The agreement allows Unite Here! Local 11 to sit at the table with the future hotel operator to negotiate benefits, sustainable workloads and a living wage for workers when the hotel is built.
“Without this agreement, the workers could endure years of poverty wages, no benefits, heavy workloads and face termination for speaking out,” wrote Rachel Torres, a research analyst with the union, in a statement. “In a few words, the workers have won respect!”
Unite Here! Local 11 filed a petition for a referendum against the City Council’s April 10 decision to allow owner Alexander Gorby to move forward with plans to build a hotel at 710 Wilshire Blvd. over objections to the wages promised to workers.
Had the group gotten enough signatures on the petition by May 23, the City Council would have had to either pull their support from the project or put the measure before the voters during the election in November.
Now, negotiations will be held between workers and their employers, not before the City Council or at the ballot box.
Normally, voters don’t have the option to dispute a development decision, but this hotel was a special case.
The 285-room hotel slated for the corner of Wilshire Boulevard and Seventh Street was governed by a development agreement, a special provision that allows the City Council to make an exception for buildings that are bigger than what’s allowed under the zoning code in exchange for community benefits.
Development agreements, however, are both contracts and laws, which means they can be overturned by a vote of the public if the matter gets on a ballot.

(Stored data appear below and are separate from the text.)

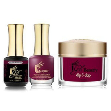 iGel 3-in-1 (GEL + LACQUER + DIP POWDER) - DD35 MULBERRY by iGel. iGel 3-in-1 (GEL + LACQUER + DIP POWDER) - DD35 MULBERRY. iGel Beauty's great 3-in-1 set includes 1 iGel Polish / 0.5 oz. + 1 iLacquer / 0.5 oz. + 1 Dip & Dap Powder / 2 oz. - all in matching colors.
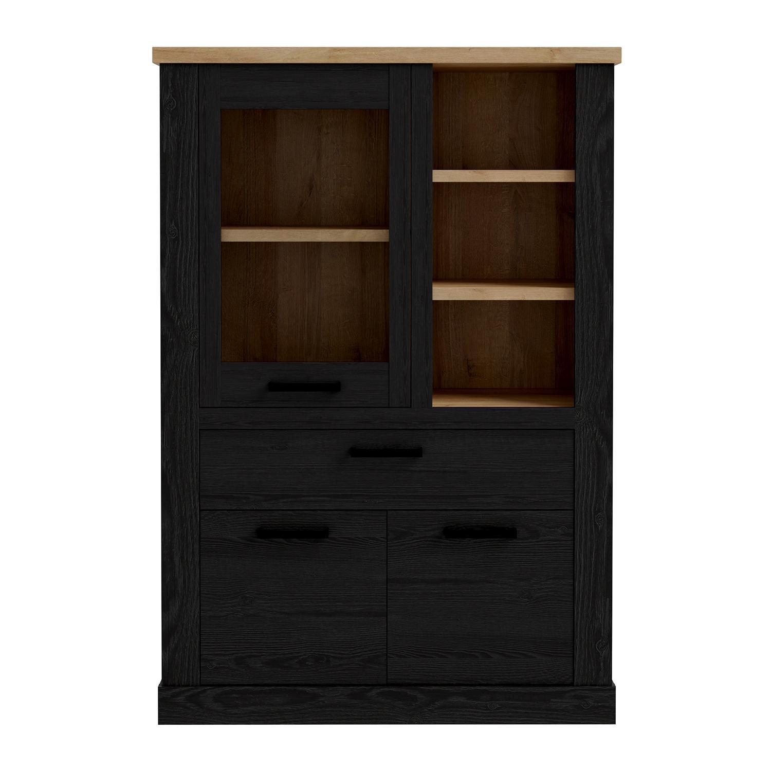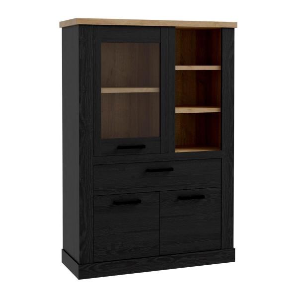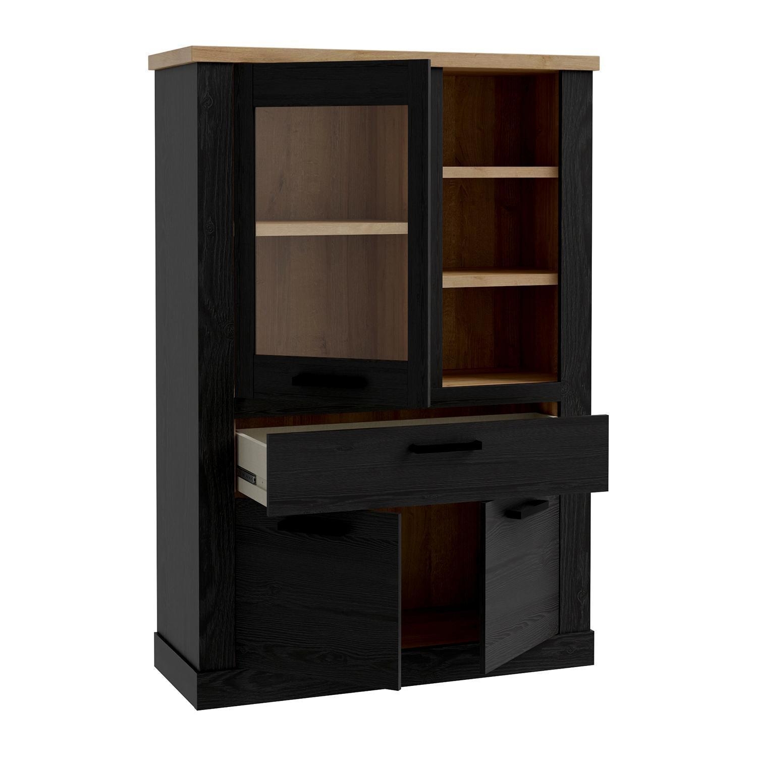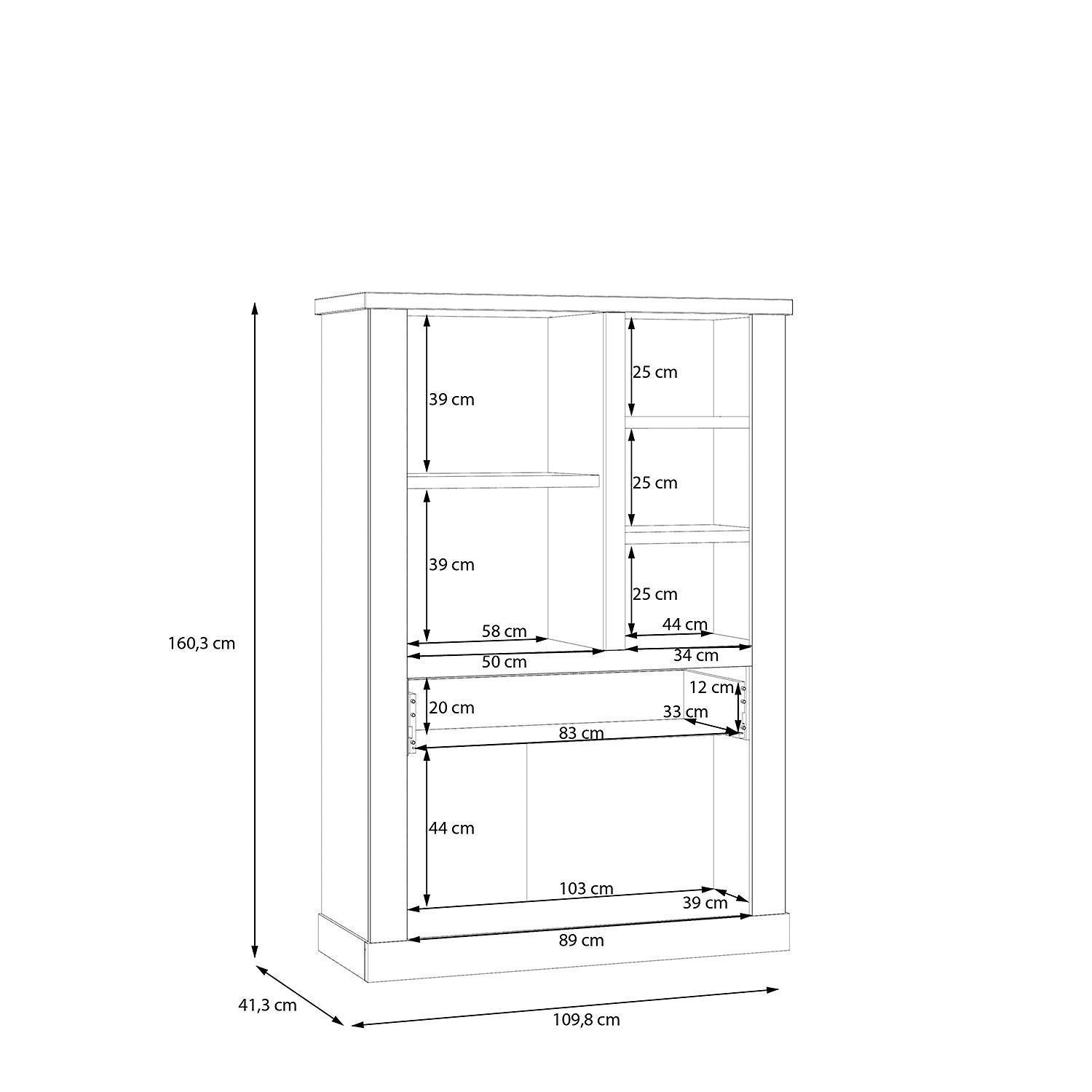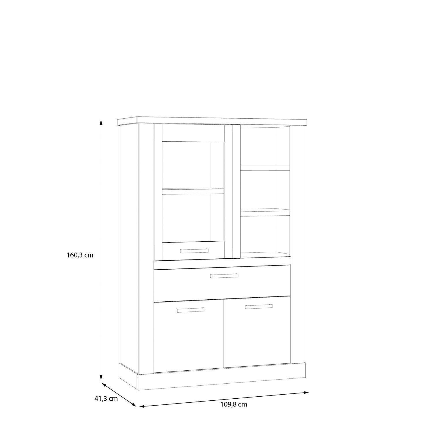 | Lieferumfang: | 1 Highboard mit 2 Türen, 1 Tür mit Glasfront, 1 Schublade, 3 Ablagefächern und 1 Einlegeboden. Eine Beleuchtung ist nicht enthalten |
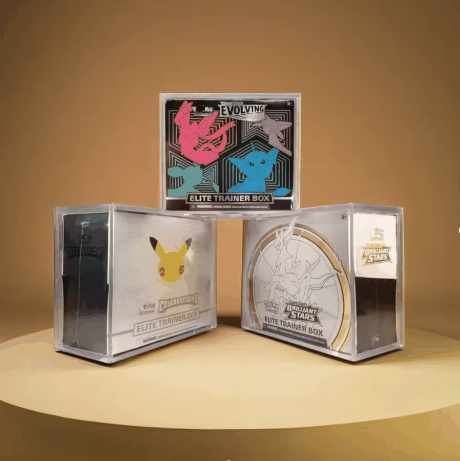 Premium acrylic cases for protecting and displaying sealed TCG products.

The developer and city planners negotiated the agreement for the hotel and included a living wage provision that originally promised $10.64 or $11.89 per hour depending on whether or not workers also received health benefits. It did not cover workers that receive tips.

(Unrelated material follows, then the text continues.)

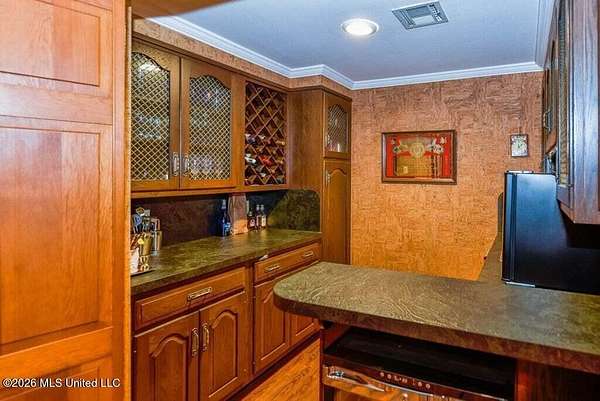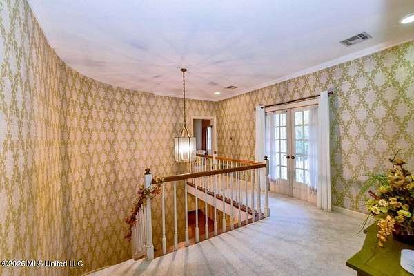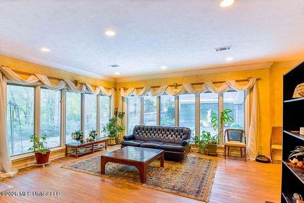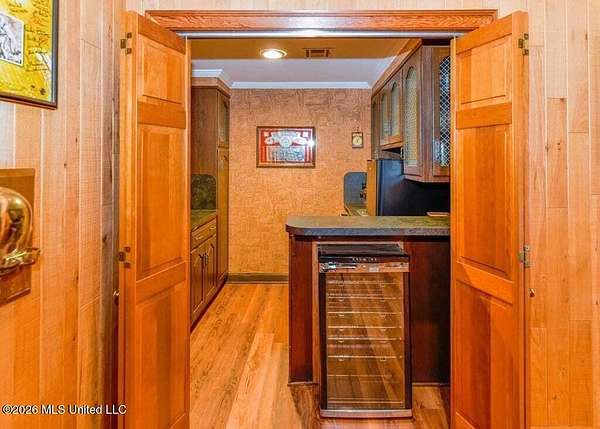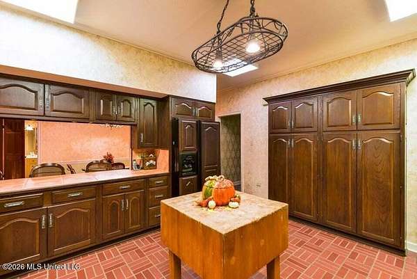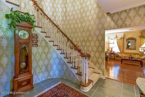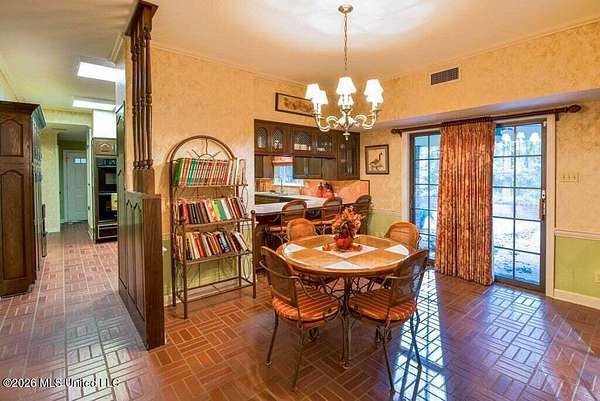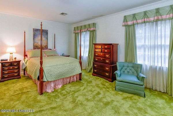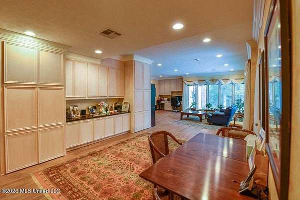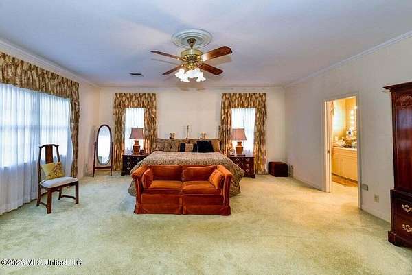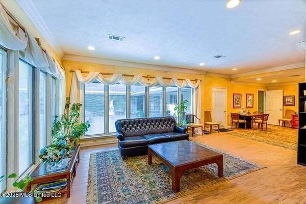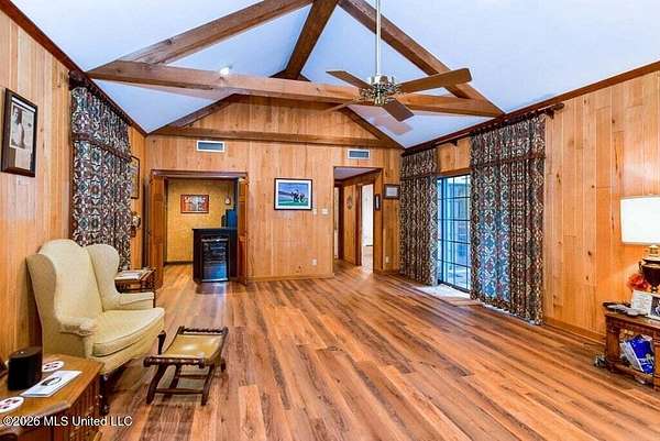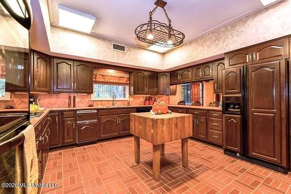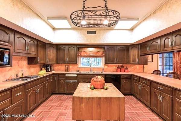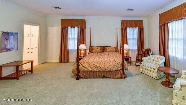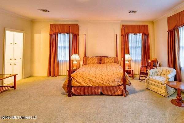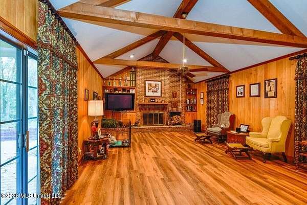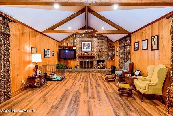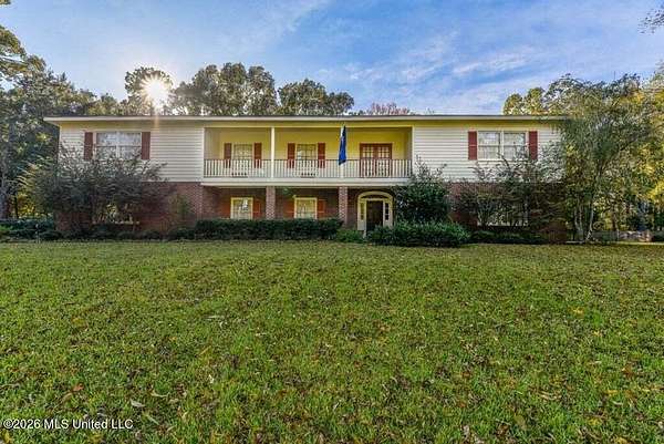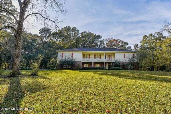 STATELY ESTATE LIVING ON 4.8 ACRES IN WOODHAVEN SUBDIVISION. Experience space, privacy, and timeless appeal in this impressive 2-story home offering approximately 5,842 heated and cooled square feet. This property provides a rare combination of expansive indoor living and serene outdoor surroundings. This home features 5 bedrooms, 4 full baths, and 3 half baths, with a versatile floorplan designed for both everyday living and entertaining. The large kitchen is a true centerpiece, complete with an electric cooktop, double ovens, dishwasher, garbage disposal, refrigerator, ceramic tile countertops, and an abundance of beautifully stained wood cabinetry. A bright breakfast room opens to a spacious brick paver patio with raised planters, perfect for gardening and outdoor gatherings, all overlooking a private backyard. The sunroom featuring built-ins and a convenient half bath, also provides direct access to the patio. The spacious den boasts a vaulted ceiling, wood-burning fireplace, wet bar with ice maker, and additional patio access-ideal for entertaining. Formal living and dining rooms add elegance and flexibility. The main level includes a bedroom and full bath, perfect for guests. Upstairs, the primary suite offers a true retreat with space for a sitting area and a large bath featuring a soaking tub, separate shower, dual vanities, and ample cabinetry. Multiple walk-in closets, including a cedar closet, provides execellent storage throughout. Additional features include, Covered front porch and balcony, large laundry room on main level, architectural roof (installed approximately 2018), three water heaters, four HVAV units (three fairly new), two car garage, attached storage/workshop plus separate outbuilding, irrigation system for front flowerbeds at driveway entrance, security system, floodlight cameras, gutters, and ceiling fans. With its generous square footage, thoughtful design, and beautiful acreage, this property offers a unique opportunity for comfortable living with room to grow. Schedule your private showing today and see all this exceptional home has to offer. Property sold ''as is''. All dates, measurements, lot size, and year built may be verified by buyer.

Gorby’s offer was one of the first wage guarantees in the city for a non-union hotel, and was opposed by business interests who felt that it set a bad precedent and involved government too much in business affairs.
The union also objected, pushing for a $15 per hour wage for all employees, but Gorby held that he could not afford that high of a wage, particularly with the $11 million he was planning to invest to rehab a historic building included in the site.
City Council members compromised with a $11.29 or $12.54 per hour wage, also excluding tipped workers.
On April 20, Unite Here! filed its petition and began gathering signatures that weekend.
One week later, the developer agreed to give the union a crack at organizing its future employees, representatives confirmed.
The decision was seen by supporters both as a major victory for the workers and a clear sign that the developer’s cries of poverty were inaccurate.
City Councilmember Kevin McKeown, who voted against the compromise wage rate, was pleased with the outcome.
“The lesson for the City Council may be that despite protestations, hotel developers can afford to treat their workers with dignity and fair wages if we make that a priority,” McKeown wrote in an e-mail.